Рак казался мне чем-то далеким, как из другой галактики. Все, что знала: от него умирают.

Вернувшись за столик, буквально кожей ощутила, как все поменялось. Люди, запахи, еда, смех и уютные столики остались теми же, но все это уже не имело никакого значения. Шум за столами раздражал, а еда казалась пресной. Я по кругу гоняла тревожные мысли, но после того, как они упирались в слово «рак», начинала сначала. Это казалось абсолютно невозможным. В конце концов, итальянское вино сделало свое дело и беспокойство улеглось. Как Скарлетт О’Хара, решила подумать об этом завтра.

Наступило утро, и проблема никуда не исчезла: «лимонная» грудь все также смотрела из зеркала. Разрывало от беспокойства и той информации, что я успела нагуглить. Поделившись с мужем своими опасениями, решила, что в Москве срочно покажусь врачу. Просто убедиться, что все хорошо: мы ведь именно это и ждем от врачей, верно?

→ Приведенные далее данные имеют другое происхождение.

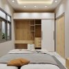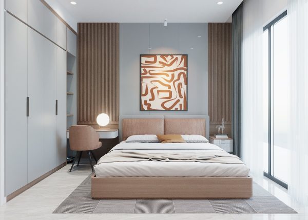 Mẫu thiết ké nội thất phòng ngủ bao gồm giường ngủ có học kéo, bộc nệm đầu giường, vách đầu giường, tap đầu giường, tủ áo, bàn trang điểm, kệ tivi, với các vật liệu ván công nghiệp mdf chống amar phủ melamine, tấm than tre vân đá …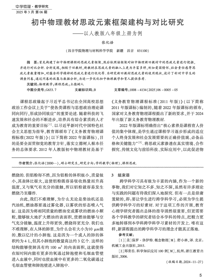 摘要:首先构建了初中物理课程的思政元素框架,然后依照该框架对初中物理新旧教材中的思政元素进行挖掘,并进行对比分析,分析发现,相较于旧教材,新教材在思政元素的融入上更为丰富多样,例如爱国情怀、社会责任感等思政元素数量增加,对蕴含科学精神的思政元素进行优化等,为研究新旧教材思政元素的使用现状,设计了针对中学生的调查问卷,通过问卷的收集与数据分析,为进一步优化初中物理教学和育人提供参考。

Самое забавное, что по возвращении из Италии мне оказалось совершенно не до себя. Засосали работа и осенняя хандра. Погружение в рабочий ритм было столь стремительным, что на второй день об отпуске и не вспоминала. Суды и встречи с клиентами казались важнее, день визита к врачу откладывала трижды. Сейчас понимаю, что работа стала лишь прикрытием, подсознательно, действительно, боялась услышать плохие новости, усугубляя ситуацию тем, что вообще к нему не шла.

Как говорят психологи, в основе боязни похода к врачу лежит наш самый главный страх – страх смерти. Смерть для нас что-то далекое и ужасное, поэтому все, что мы можем делать – избегать столкновения с ней. Любой визит к доктору как будто напоминает нам, что все смертны, возвращает к тому, как несознательно относились к себе и не заботились о теле, погружая нас в чувство вины за свое поведение. Пока не поставлен диагноз, мы свято верим, что все само собой рассосется, продолжая жить в позиции: «Я девочка, не хочу ничего решать, я в домике».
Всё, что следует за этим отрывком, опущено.